Что ж, он не ошибся – по крайней мере, идея была именно такова. Луна надеялась, что, полюбив театры, он начнет проводить там больше времени. Правда, для этого его следовало снабжать защитой от холодного железа и веры верхнего мира, но, удалив посла из своих покоев, Луна сочла бы сии расходы вполне окупившимися.
– Не стала бы я преуменьшать остроту твоего ума этаким образом, полагая, будто тебя так просто отвлечь от дел, – сказала она, сдвинув брови. – Я знаю: свой долг здесь ты исполняешь со всем прилежанием и почтением, коего он заслуживает.
– Любезные слова, государыня. Но нужно ли напоминать, что я явился сюда не ради слов? Я прибыл к вам ради дела. Политический деспотизм вашего Уэнтворта просто возмутителен.
«Уэнтворт вовсе не мой, – захотелось ответить Луне. – К его назначению лордом-лейтенантом Ирландии я никакого отношения не имею». Однако это только сыграло бы на руку Эоху Айрту и перевело разговор в то самое русло, коего Луна надеялась избежать.
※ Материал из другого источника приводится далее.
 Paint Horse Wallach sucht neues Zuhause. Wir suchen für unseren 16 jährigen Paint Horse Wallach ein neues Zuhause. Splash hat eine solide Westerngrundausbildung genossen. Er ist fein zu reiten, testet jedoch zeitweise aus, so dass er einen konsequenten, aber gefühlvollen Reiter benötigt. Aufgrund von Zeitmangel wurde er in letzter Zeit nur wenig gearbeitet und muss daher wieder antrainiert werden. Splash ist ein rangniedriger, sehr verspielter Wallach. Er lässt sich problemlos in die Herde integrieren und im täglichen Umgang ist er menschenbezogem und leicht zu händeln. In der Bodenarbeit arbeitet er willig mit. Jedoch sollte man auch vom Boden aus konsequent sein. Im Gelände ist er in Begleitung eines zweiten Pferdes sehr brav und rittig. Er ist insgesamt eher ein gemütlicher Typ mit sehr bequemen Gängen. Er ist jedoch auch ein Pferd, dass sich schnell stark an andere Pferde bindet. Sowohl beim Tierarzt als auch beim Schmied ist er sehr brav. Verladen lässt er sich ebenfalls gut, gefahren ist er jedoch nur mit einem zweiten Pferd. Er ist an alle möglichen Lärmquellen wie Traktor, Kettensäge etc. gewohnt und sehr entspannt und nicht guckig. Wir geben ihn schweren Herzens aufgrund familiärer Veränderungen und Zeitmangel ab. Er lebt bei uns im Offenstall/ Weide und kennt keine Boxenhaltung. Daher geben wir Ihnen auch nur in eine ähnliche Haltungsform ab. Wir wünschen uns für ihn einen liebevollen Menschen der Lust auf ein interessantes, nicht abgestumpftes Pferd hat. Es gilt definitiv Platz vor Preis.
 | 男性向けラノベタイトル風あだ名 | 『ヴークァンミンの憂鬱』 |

– Некоторые мысли Уэнтворта об управлении Ирландией могут пойти вам на пользу, стоит лишь это признать. Католические ритуалы против нас невероятно сильны. Возможно, их прекращение не так уж плохо. Да, протестантство самого крайнего толка – тоже угроза немалая, это верно. Но тому, что насаждает Уэнтворт, до подобного пыла далеко.
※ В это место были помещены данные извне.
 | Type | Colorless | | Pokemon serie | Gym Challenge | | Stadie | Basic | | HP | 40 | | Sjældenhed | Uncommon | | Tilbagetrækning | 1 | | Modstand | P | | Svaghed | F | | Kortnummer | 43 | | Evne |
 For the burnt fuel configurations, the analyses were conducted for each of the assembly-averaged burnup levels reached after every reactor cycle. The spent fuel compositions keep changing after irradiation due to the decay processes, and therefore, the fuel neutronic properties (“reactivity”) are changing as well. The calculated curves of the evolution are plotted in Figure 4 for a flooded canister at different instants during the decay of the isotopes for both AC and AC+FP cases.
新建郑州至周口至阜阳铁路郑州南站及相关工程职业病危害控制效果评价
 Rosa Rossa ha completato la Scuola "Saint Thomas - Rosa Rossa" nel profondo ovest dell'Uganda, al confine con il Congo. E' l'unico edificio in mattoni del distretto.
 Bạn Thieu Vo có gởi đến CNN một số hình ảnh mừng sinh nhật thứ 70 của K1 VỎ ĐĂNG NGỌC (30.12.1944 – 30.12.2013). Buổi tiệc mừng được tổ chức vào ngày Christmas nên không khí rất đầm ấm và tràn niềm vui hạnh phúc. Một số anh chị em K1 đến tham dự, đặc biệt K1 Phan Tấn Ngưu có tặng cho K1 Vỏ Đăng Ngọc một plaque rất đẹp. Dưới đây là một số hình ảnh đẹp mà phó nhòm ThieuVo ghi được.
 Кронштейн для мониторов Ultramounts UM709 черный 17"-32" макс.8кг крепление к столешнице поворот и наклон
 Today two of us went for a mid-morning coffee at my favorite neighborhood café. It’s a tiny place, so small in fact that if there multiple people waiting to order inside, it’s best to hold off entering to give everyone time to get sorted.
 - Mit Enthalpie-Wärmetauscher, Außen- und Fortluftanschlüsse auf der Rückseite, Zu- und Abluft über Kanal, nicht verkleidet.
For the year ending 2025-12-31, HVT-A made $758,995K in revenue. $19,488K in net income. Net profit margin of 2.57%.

Сказать откровенно, насаждаемое Уэнтвортом было наполовину папизмом, как неустанно вопили шотландцы, однако не в том смысле, в коем сие было бы слишком уж важно для дивных.
Эоху Айрт помрачнел.
– Он насаждает колонизацию.
В его устах последнее слово звучало, словно непристойность, каковой он его, несомненно, и полагал.
Неужто Луна вправду надеялась отвлечь его от этого вопроса? Поднявшись с кресла, она позвонила в колокольчик.
– Думаю, немного вина – и разговор пойдет легче.
В отворившиеся двери вошла леди Амадея Ширрел, обер-гофмейстерина Луны, с подносом, графином и кубками.
«Расторопна по обыкновению».
Отослав ее взмахом руки, Луна сама разлила вино и выждала, пока двери вновь не закроются, отсекая от их ушей негромкий ропот приемного зала.
– Я вполне понимаю твою озабоченность. Новые англичане…
– Новые англичане, Старые англичане – для меня они все одинаковы. Они – англичане. В Ирландии. – Эоху Айрт принял из рук Луны кубок, но в гневе зашагал из угла в угол. – Они объявляют нашу землю своей и гонят прочь тех, чьи семьи прожили на ней не меньше, чем мы, дивные, живем вне полых холмов. Наши хобы непрестанно плачут, видя, как их древняя служба подходит к бесславному концу.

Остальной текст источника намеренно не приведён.